Institute of Fundamental Technological Research
Polish Academy of Sciences

News

According to the resolution of the Scientific Council of IPPT PAN, Damian Cacko was awarded the degree of Doctor of Science in the field of Engineering and Technical Sciences in the discipline of Information Technology and Telecommunications.

Damian Cacko's PhD was an implementation-oriented doctorate. He conducted his doctoral studies at IPPT PAN, and the industrial partner for his PhD was the company us4us. The main supervisor was Professor Zbigniew Ranachowski, and the auxiliary supervisor was Dr. Marcin Lewandowski.

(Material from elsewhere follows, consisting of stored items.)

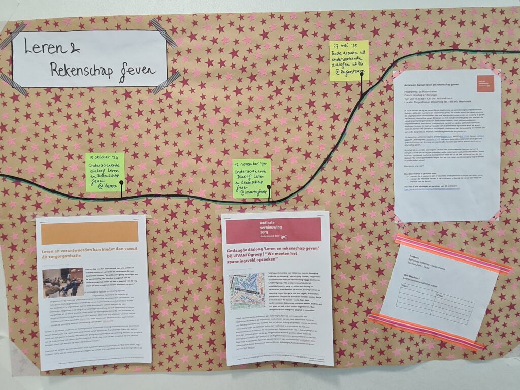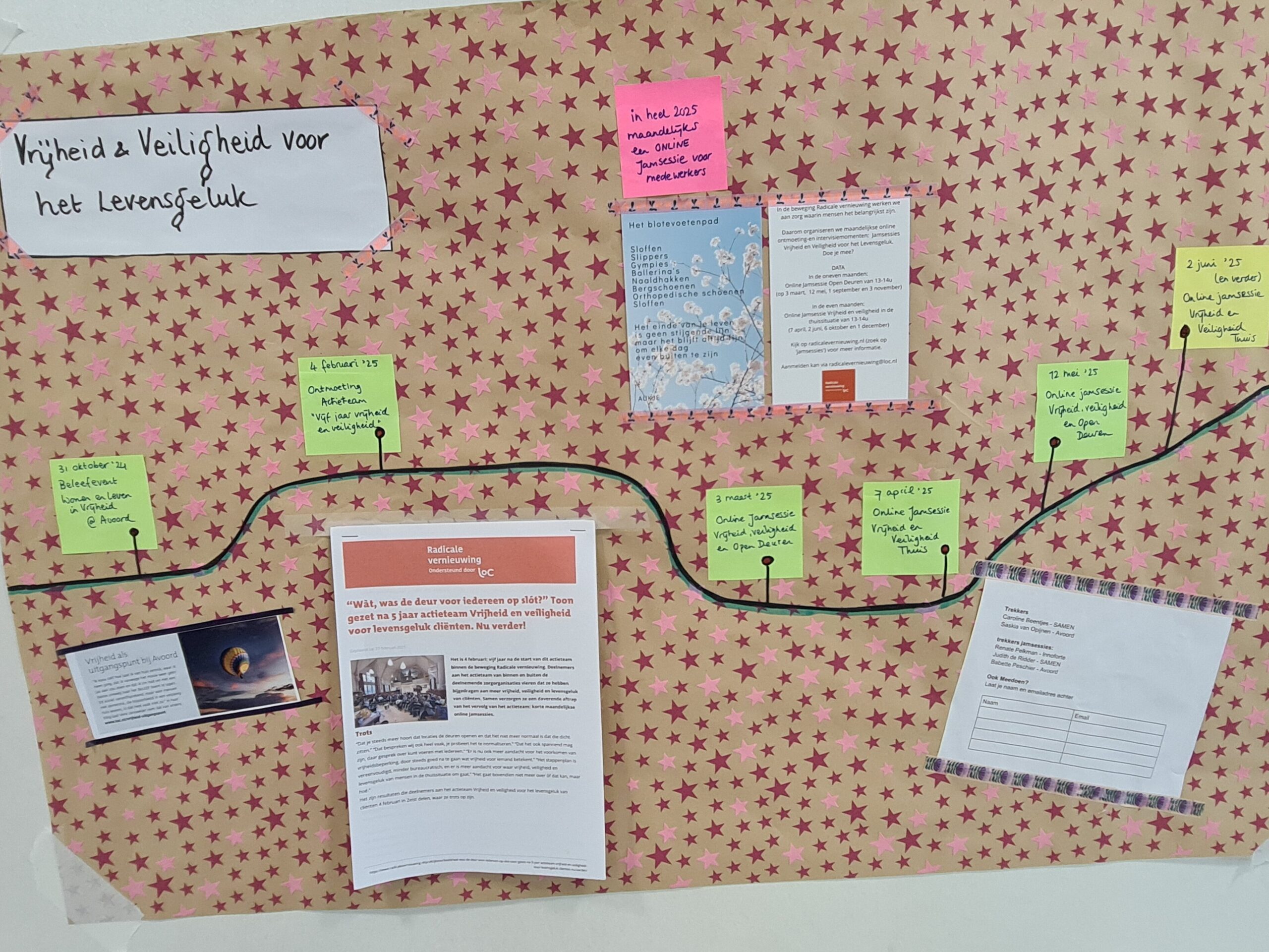 Coördinator Vera Jansweijer maakte voorafgaand aan de ontmoeting tijdlijnen van de verschillende actieteams van de beweging, die een indruk geven van de ontwikkeling die teams doormaken. Zie de foto’s hieronder (klik erop om te vergroten).
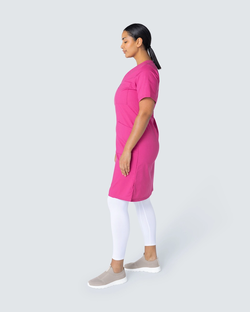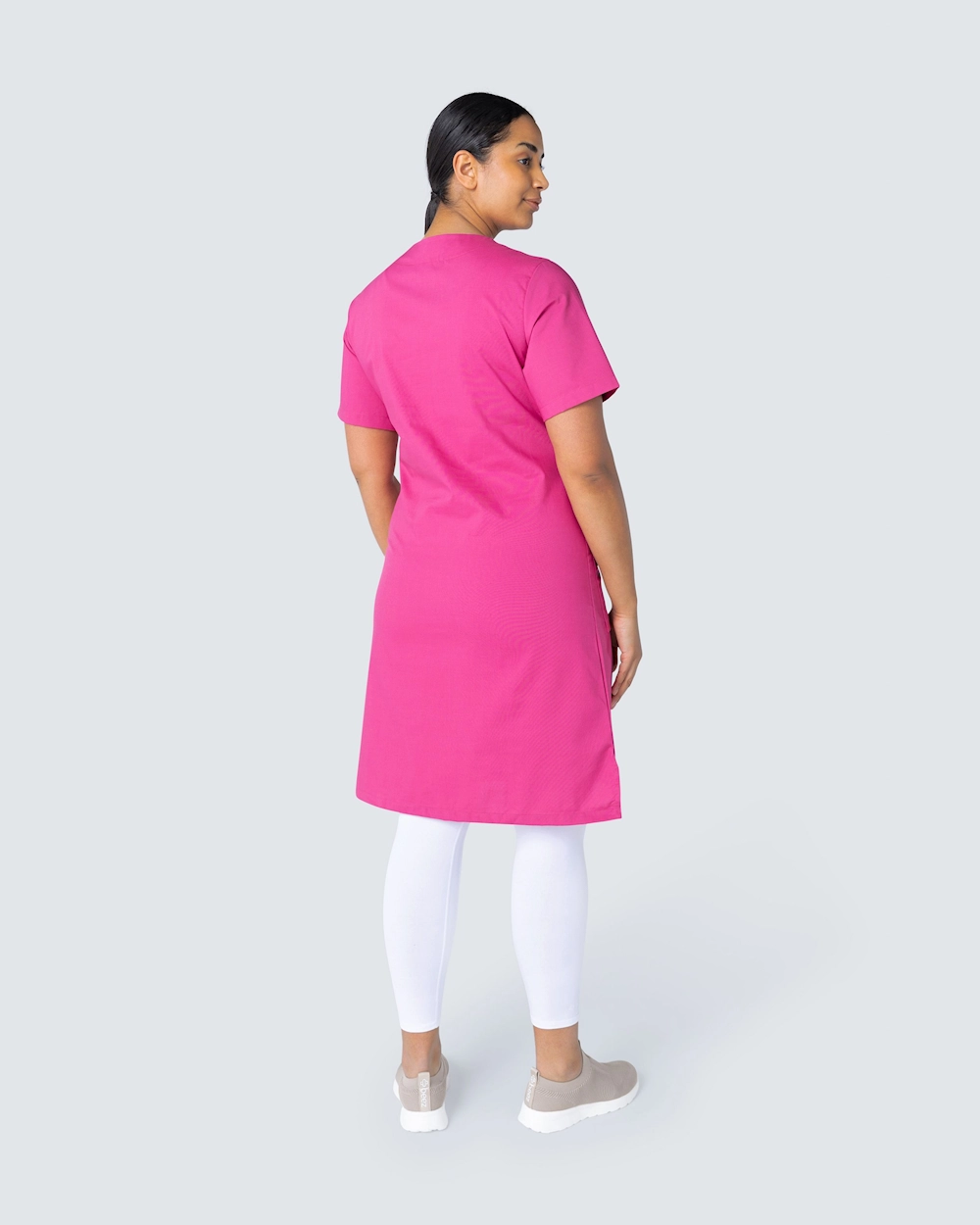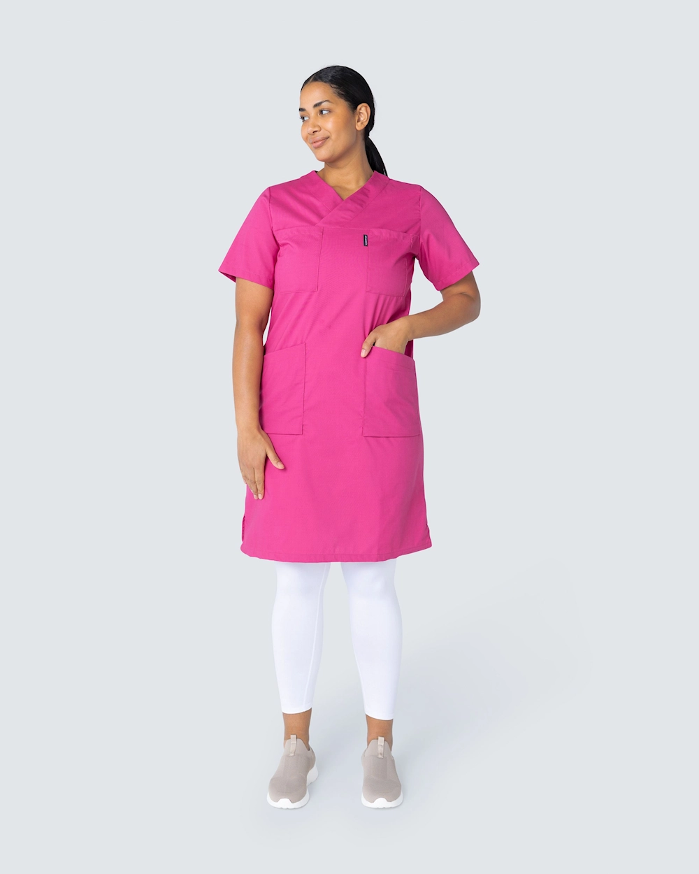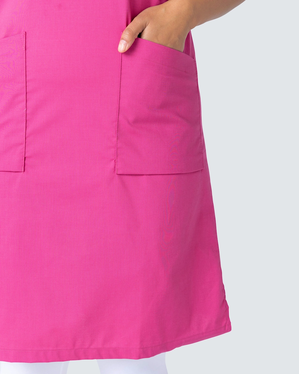 Bekväm arbetsklänning i bomulls-/polyesterblandning. Klänningen är lätt a-linjeformad vilket ger en fin silhuett. Klänningen har gott om plats för arbetsredskap med två bröstfickor och två höftfickor. Sidfickorna har en extra mobilficka samt nyckelhälla. Klänningen har slits på båda sidorna för ökad rörelsefrihet.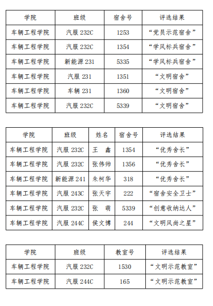 公示时间:2025年6月4日-6月6日,对评选结果有异议者,请于公示期内向车辆工程学院学生管理科反映。(阎良校区4218办公室)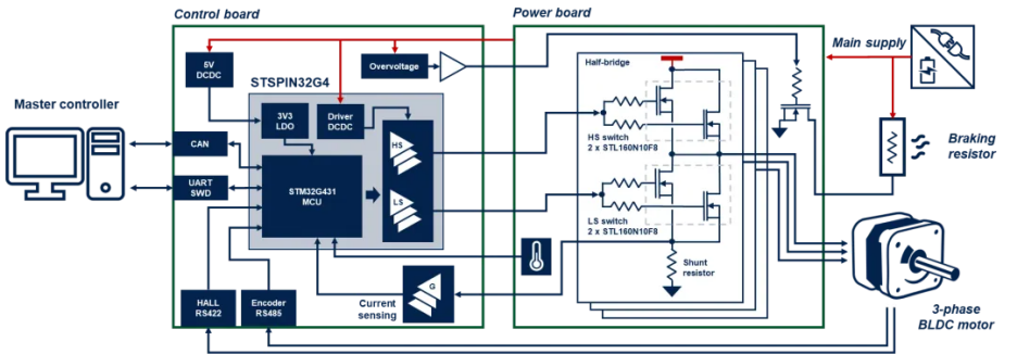 STSPIN32G4是控制板核心(图2),其内置的STM32G431微控制器(Cortex®-M4内核,主频高达170MHz)执行控制算法。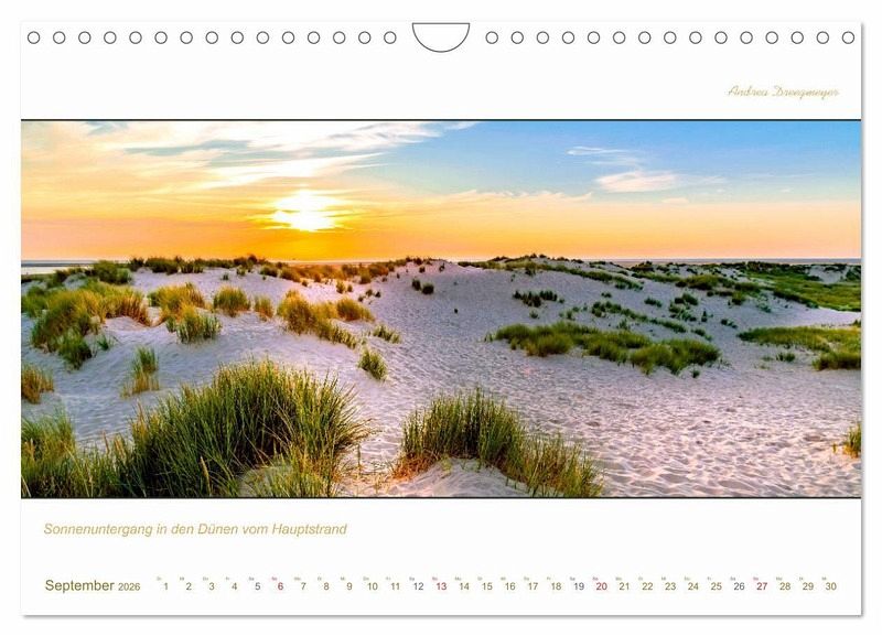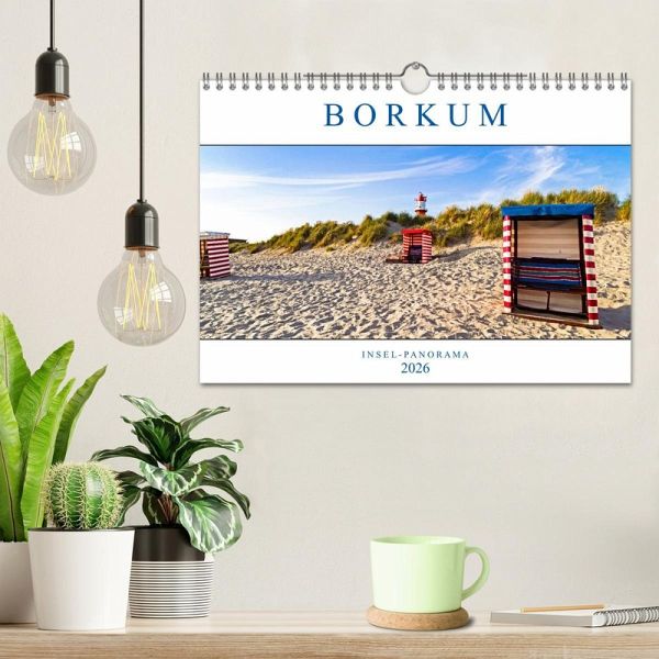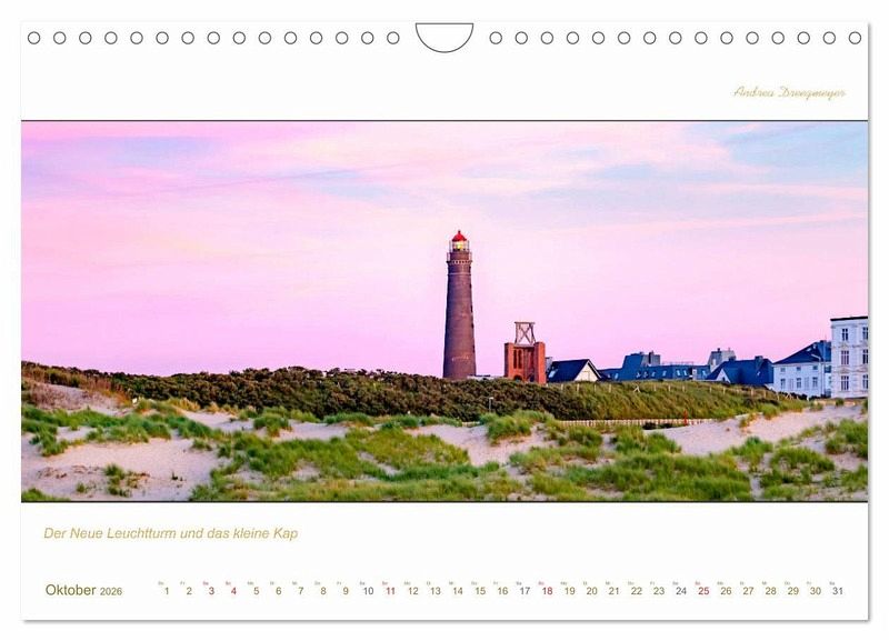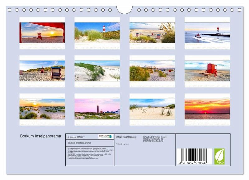 Die unendliche Weite der facettenreichen Insel wurde hier im Panoramaformat erstellt, so dass die Weite der Landschaft noch besser zur Geltung kommt. Entdecken Sie traumhafte Strände, tolle Lichtstimmungen am Meer, hören Sie die Möwen kreischen, lassen Sie sich den Wind um die Ohren wehen und spüren Sie die salzige Meeresluft. Genießen Sie Monat für Monat die zauberhaften Bilder und freuen Sie sich auf die nächste Reise nach Borkum.

Implementation of Shear Wave Elastography for Point-of-Care Ultrasound Imaging

Assessment of tissue stiffness provides a clinical opportunity for screening, early detection, and diagnosis of diseases such as breast cancer or liver fibrosis. Among all ultrasound-based elasticity imaging methods, Shear Wave Elastography (SWE) has emerged as a promising technique that enables quantitative soft tissue stiffness estimation. Novel concepts and methodological approaches in SWE have been the subject of intense research and new system solutions continue to be proposed. However, its practical implementation is complicated and constitutes several engineering challenges, including generation of high-energy excitation (push pulses) and high frame-rate data acquisition. Another key requirement is to provide a sufficient computational performance of the system to process large datasets in an image reconstruction procedure. In particular, in real-time applications, it requires providing both robust computational resources and a smart algorithm implementation strategy. Due to the aforementioned reasons, to date, the SWE has been available only on high-end commercial systems or bulk and expensive research platforms. In particular, SWE mode in the portable ultrasound devices class is not available at all. As a result, the accessibility of this method is limited.

In this thesis, engineering and research efforts were put to address this issue. Firstly, in the theoretical part, the physical principles of the SWE were discussed, and the known methods for ultrasonic tissue elasticity imaging methods were explored. It was followed by a detailed review of the 2-D SWE technique, including acquisition sequences, data processing methods, and considerations on imaging quality and safety. Then, the 2-D SWE method was implemented using a low-cost, portable, and fully configurable research system which was enhanced by the development of a dedicated 256-channel transmit extension module to support push pulses generation. The multiple-stage image reconstruction algorithm was developed that consisted of: RF data filtering, down-conversion, beamforming, shear wave detection, shear wave motion data filtering, shear wave speed estimation, image compounding, and post-processing. Real-time imaging performance was achieved by exploiting massively parallel processing using GPU for computational-intensive algorithm steps, which involved careful problem decomposition. The system was validated in experiments using both homogeneous and heterogeneous regions of an industry-standard elastography phantom. The developed system performance regarding image reconstruction speed was evaluated, and the impact of the most relevant reconstruction parameters on processing time and imaging quality was explored. Since the image reconstruction process was found to bring the biggest contribution to the whole system's power consumption, the obtained results allowed to evaluate the trade-off between power consumption and imaging quality to find a reasonable balance between those factors in a given application for efficient implementation of the 2-D SWE method using a portable scanner.

The overall achieved results have shown that by careful design it is feasible to introduce the real-time 2-D SWE imaging on a portable, cost-optimized, software-oriented ultrasound system.